There will always be a part of working on Written Realms that will involve fixing, reworking, untangling and policing. But if there’s one thing that I’ve learned in the last decade, it’s that it can’t be all I do. New features, visible changes to the site, and new content must be part of the story going forward. I’m going to make time for these things once more.
Alright, let's talk about new stuff!
First, new content! I am thrilled to announce a new world in development, Demigods.

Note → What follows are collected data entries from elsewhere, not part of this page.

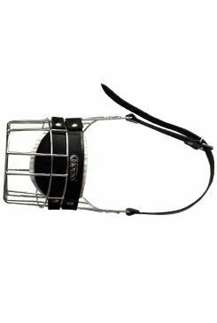 Náhubek se zinkovou povrchovou úpravou. Upínací řemínky jsou vyrobeny z kůže v černé barvě.
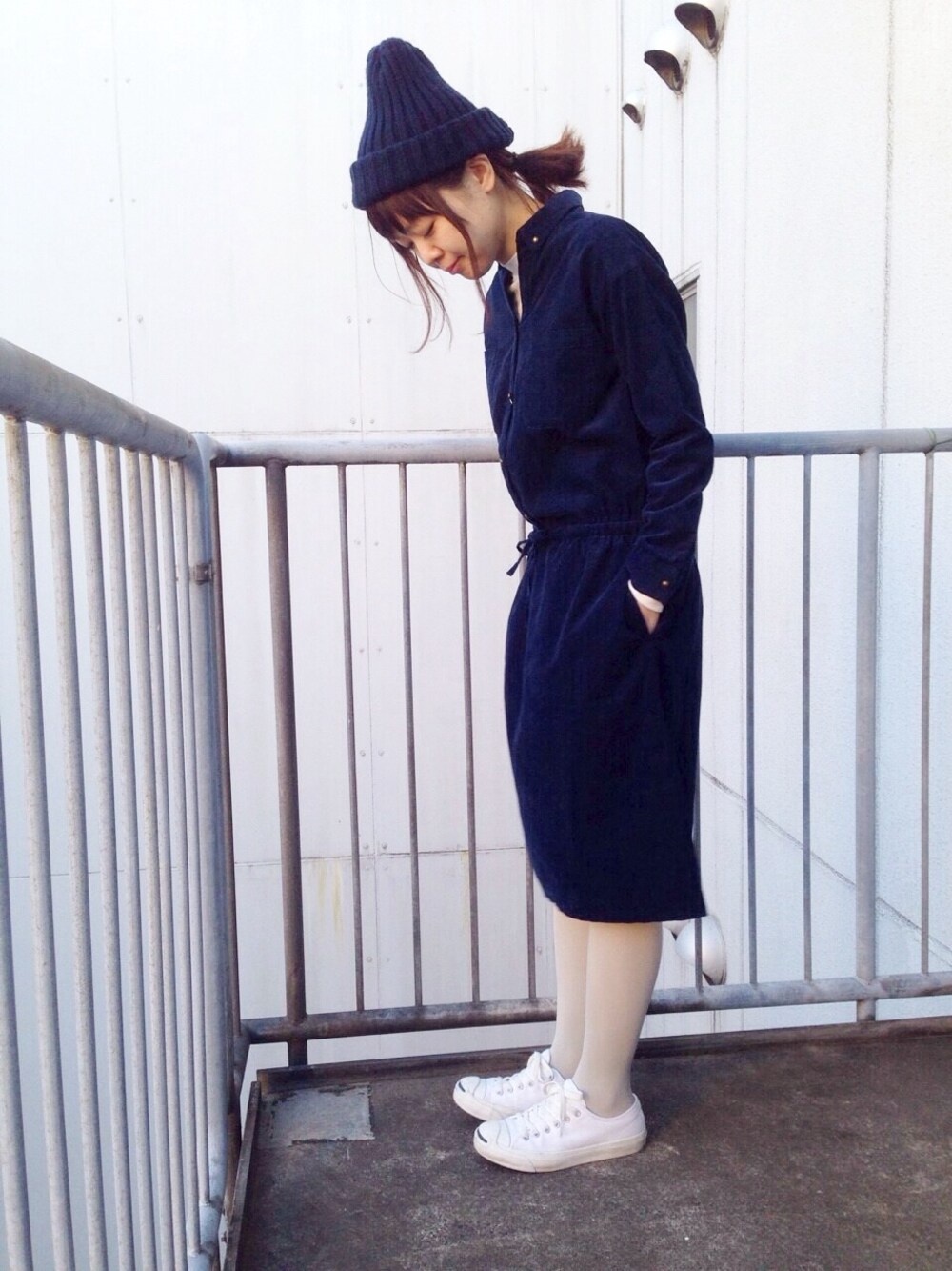 1枚で可愛いコーデュロイのワンピース ネイビーとホワイトでシンプルに。
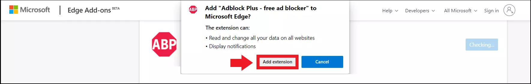 Paso 1: Dependiendo del navegador, descarga la extensión Adblock seleccionada desde las páginas de complementos de Edge, Chrome, Firefox, Safari o directamente desde la página web del proveedor. En este ejemplo, utilizamos la extensión gratuita Adblock Plus para Edge. Por regla general, las extensiones se añaden al navegador a través de “Instalar” o “Añadir”.
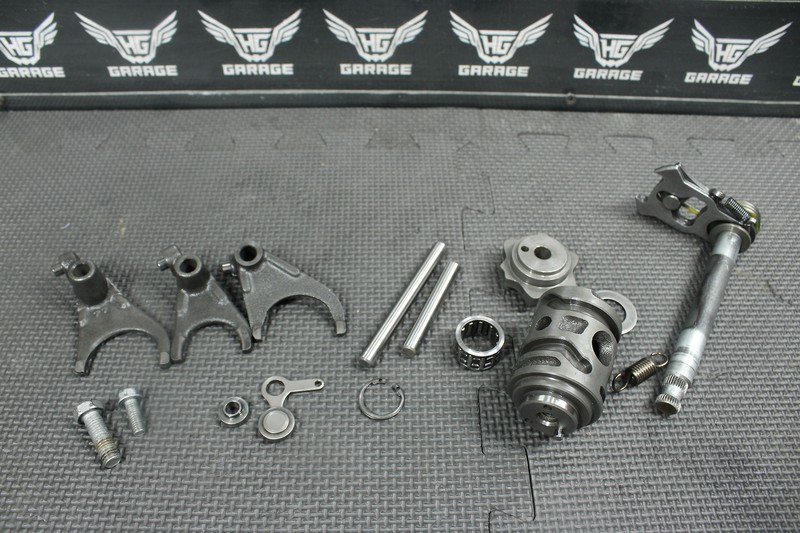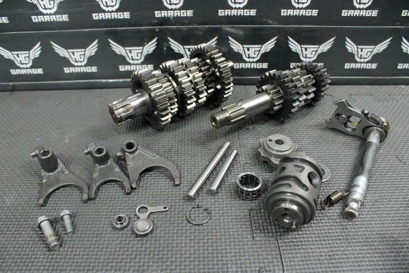 This transmission is in very good condition and shows normal signs of wear. No cracked, or chipped teeth on any of the gears. Shift forks, and shift dog in great shape with low wear. Ready to assemble and ride.
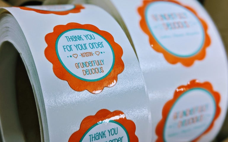 When you're running an online business, you need a presence in the real world, and a simple, bold label with your logo helps give your brand impact long past the purchase. With a personalized message on her Thank You label, Kristin is able to ensure that each Grunderfully Delicious customer remembers the experience and either returns to purchase more or refer other business.
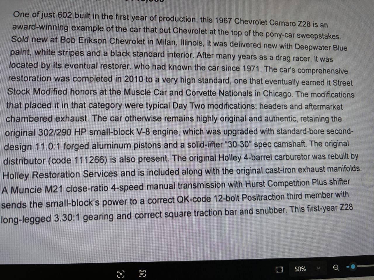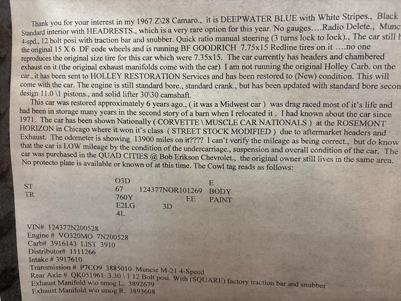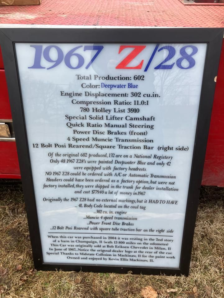 Amazing and rare Deep-Water Blue 1967 Camaro Z28 with numbers matching DZ 302 V8 with solid lifter cam shaft and 4 speed Muncie manual. Only 602 of these cars made. Local Illinois car with extremely nice restoration. Radio delete car. New headers and chambered dual exhaust that sounds so hot, it will make your ears melt. Quick ratio manual steering, power front disk brakes and 3.30:1 ratio 12 bolt posi with factory traction bar. Not many of these real deal cars left out there. Only 42 were made in this color with headrests. Don't delay, and miss out on this one. This car won best-in-class winner at MCACN in Chicago. We offer financing for good credit and 10% down. Nationwide shipping offered. Call us at 618 336 5210 to discuss a deal. Visit Vaughns Classic Cars online at vaughnsclassiccars.com to see more pictures of this vehicle or call us at 618-336-5210 today to schedule your test drive.
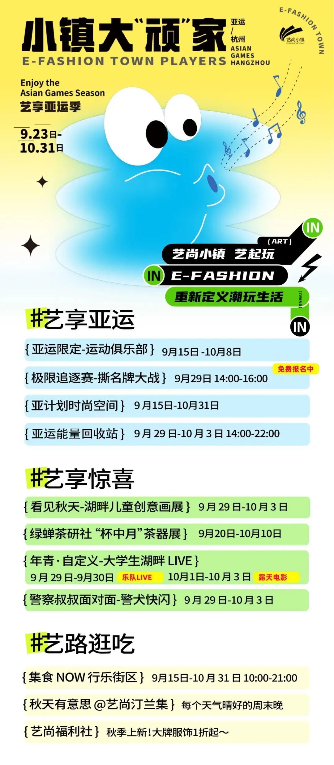 亚运互动、乐队LIVE、露天电影、创意市集……即日起至10月31日,艺尚小镇为大家准备好了一大堆活动,快去玩~
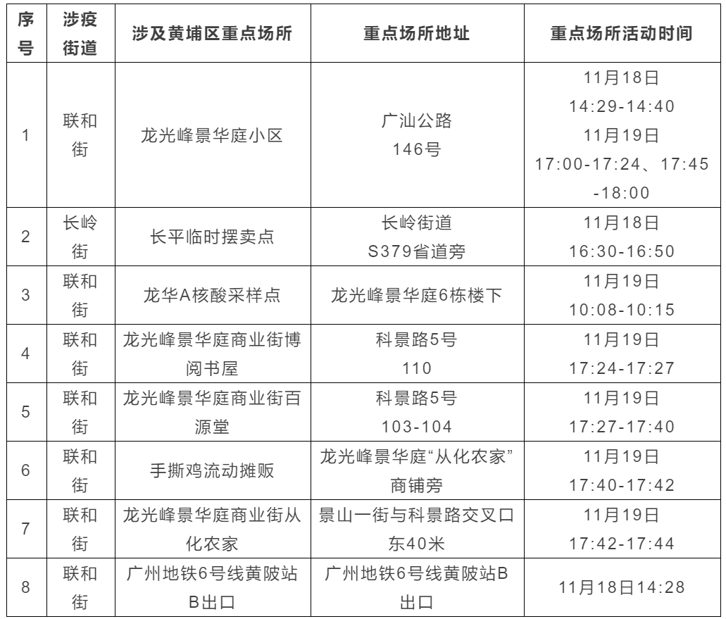 11月20日,黄埔区在外省返埔重点人群筛查中发现1例核酸检测异常人员。根据国务院联防联控机制《关于进一步优化新冠肺炎疫情防控措施科学精准做好防控工作的通知》和我区疫情防控需要,经区新型冠状病毒肺炎疫情防控指挥部研究决定,自2022年11月20日起对联和街以下区域实施临时管控:
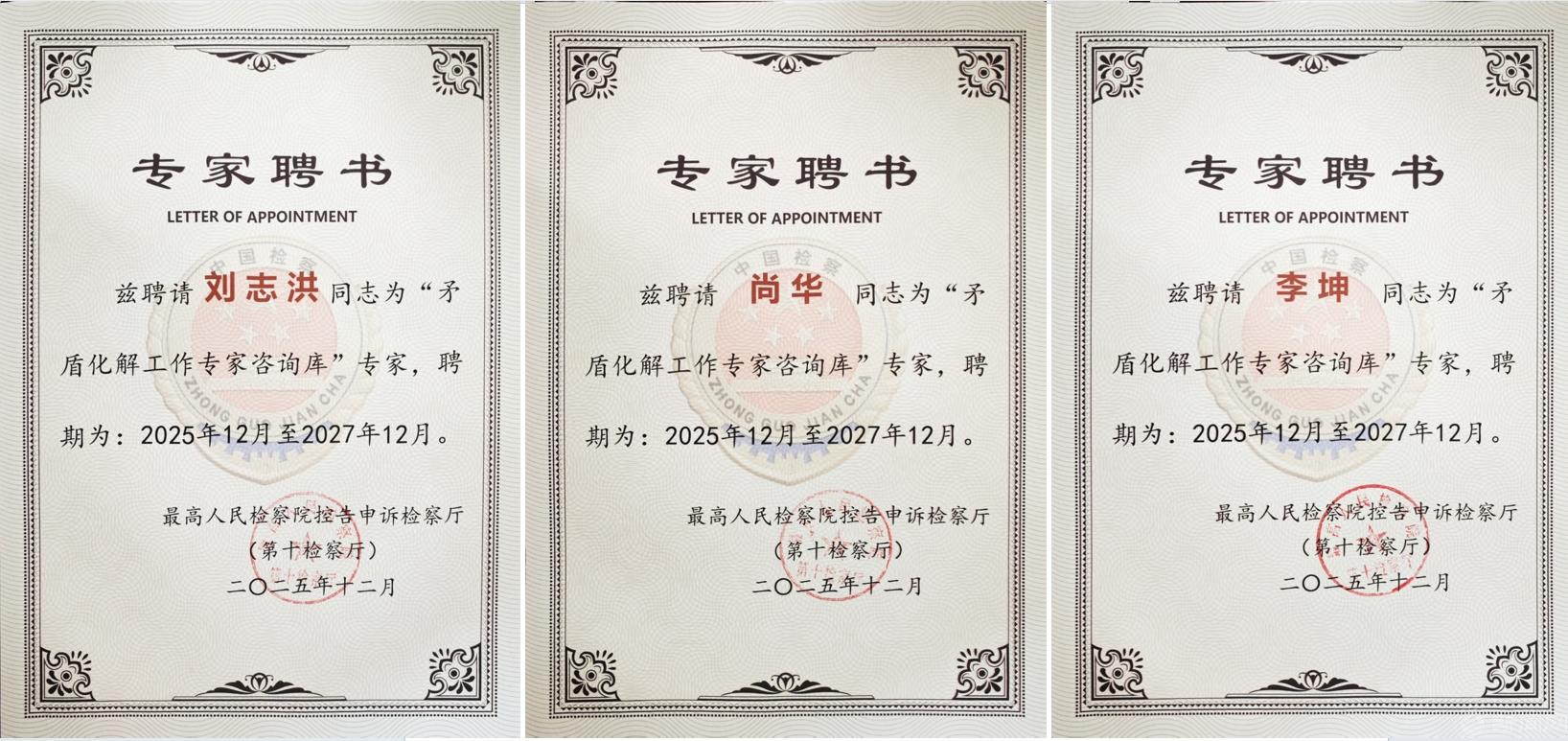 12月24日上午,最高人民检察院在西办公区召开“矛盾化解工作专家咨询库”专家聘任仪式。来自最高人民检察院、司法部、全国律协、中国政法大学、北京大成律师事务所等单位领导、专家现场参与了该活动。世界杯文法学院法律系刘志洪、尚华、李坤三位教师被聘为本届“矛盾化解工作专家咨询库”专家,刘志洪作为高校教师代表做了发言。

It takes place in 5th century BC Greece, during the second invasion of the Achaemenid Empire (480 BC). That’s right after Thermopylae (if you've ever seen or read 300), an incredibly exciting historical period with lots of potential for fantastic quests and storylines.
While I am doing all of the high level design and planning for the world, I’m not actually the one writing the room descriptions. That honor belongs to one GPT-4, the latest breath-taking release by OpenAI. GPT and I have been collaborating on the world creation for about a week now, and the results have honestly blown me away. I can’t wait to share it with you, and I will be writing a separate blog post on the subject.
Demigods will feature the custom skills system which allows builders to replace the standard warrior/mage/cleric/assassin archetypes that ship with Written Realms worlds by default. It will also feature the concept of Instances, which are basically worlds within worlds where players can carry out certain tasks under a slightly different set of rules than their 'normal' world. They are also the ultimate solution to the lag problem as we can have Instances run on separate processes than their parent world.
So that's definitely happening. Other things that are not on the immediate docket but that I think about often, and am really itching to implement:
Finally, I'd like to get back to regular communications with the user base. A consequence of doing almost exclusively backend work for the last two years is that I’ve not been communicating updates or posting about my work. A lot of that is because as you can see with the length of this post, it’s hard to get into any of this without having to expose so much background and details that it felt impossibly intimidating to broach the subject. Now that I’ve published this retrospective write-up, I’m going to try to carry that momentum forward and attempt to be more publicly active than I have been.
I'll conclude this long post by thanking all of the players and builders that have, in some way or other, appreciated and contributed to this platform since 2013. Special thanks to Patrick O'Malley, without whom I wouldn't have had the confidence to push through this insanity, and huge thanks to our Patreon donors, current and past, who keep the lights on by covering server costs, and beyond that who provide me with a constant stream of gratitude and motivation.